After I gave you my answer, it didn’t look like you knew what a “block” was.

There is no set limit on registers. Just on registers used by a block. You can have up to 128 registers, if your block is small enough (64 or 128 threads). You do not need to call the kernel multiple times to process a 2048x1536 image.

if you call 512 * 16 blocks and have 512/16 threads per block, you can use 32*16 registers per thread.

and then just adjust your x & y calculation


global void calc_pixel(int* pixels, float ft)


int y = blockIdx.x>>4;

int x = threadIdx.x + ((blockIdx.x & 0xf)*16);

int idx = y*512 +x;



I knew what a block is, but i might not have worded it properly. Yesterday is the first day i touched CUDA and i’m not very sure about a few things. For example, when i mention “kernel call” i mean this (from my updated code):

calc_pixel<<<512, 128>>>(pixels, 0, itercount, antialias, ft);

calc_pixel<<<512, 128>>>(pixels, 128, itercount, antialias, ft);

calc_pixel<<<512, 128>>>(pixels, 256, itercount, antialias, ft);

calc_pixel<<<512, 128>>>(pixels, 384, itercount, antialias, ft);

So to be sure (and i just read the pages in the programming guide, but just to be sure): each one of these calls creates a grid with with 512 blocks each one containing 128 threads, right? Also these are scheduled to be executed in order - they do not overlap because they have no stream defined, right?

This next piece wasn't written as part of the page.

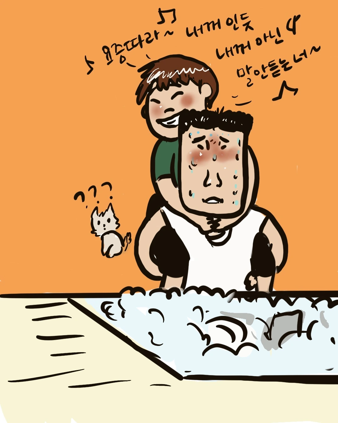그렇게 현란한 남편의 요리쇼가 끝나자 요리보다 무서운 산처럼 쌓인 설거지가 눈에 들어왔다. 그래서 슬금슬금 남편 모르게 조용히 안방으로 들어가서 문을 잠갔는데 이를 눈치챈 남편은 다급히 나를 부르기 시작했다.

I have no background in parallel programming so all this is new stuff to me, but they look very interesting :-)

You can do it in one kernel call, just call 4 times as many blocks.

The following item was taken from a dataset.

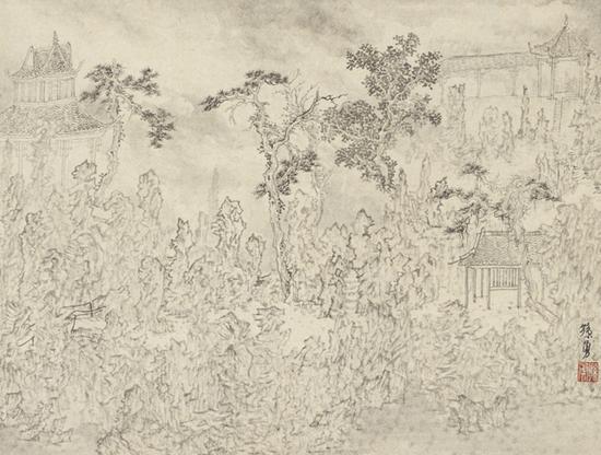 孙勇,园林写生之宝珠山,44.6x39cm

But yes, each call creates a grid and they are executed in order. Using streams does not change that, there is currently no option to run more than 1 kernel at the same time.

OOps, i mixed the maximum numbers of the blocks-per-grid and threads-per-block and i never tried any value above 512. Now i did

calc_pixel<<<4096, 64>>>(pixels, 0, itercount, antialias, ft);

and it runs faster (i tried several combinations, this seems to have the best results - at least when using power of two numbers).

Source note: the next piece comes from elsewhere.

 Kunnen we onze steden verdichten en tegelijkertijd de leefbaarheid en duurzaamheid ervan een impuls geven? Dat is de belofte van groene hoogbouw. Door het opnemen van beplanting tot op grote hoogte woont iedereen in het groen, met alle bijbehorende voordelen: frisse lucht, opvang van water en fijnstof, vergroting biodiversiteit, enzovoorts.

However was i right or wrong about my understanding of the previous four calls (i mean about the numbers, etc)?

Oh, i didn’t saw the edit.

Then what does the documentation mean when it writes?

What i thought from this is that the threads in two streams will be executed at the “same time” (not really at the same time though since from what i’ve understood threads are time sliced) in the sense that the scheduler will schedule them more efficient.

I’ve read the page about streams a few times and i’m not sure where streams should be used. Are they only a host-oriented feature so the host can know what the GPU does (via events?) or they affect what the GPU does?

streams are for overlapping calculation on GPU with calculation on CPU. there is a simpleStreams example in the SDK.
will try to post some comments in your forum later today or tomorrow.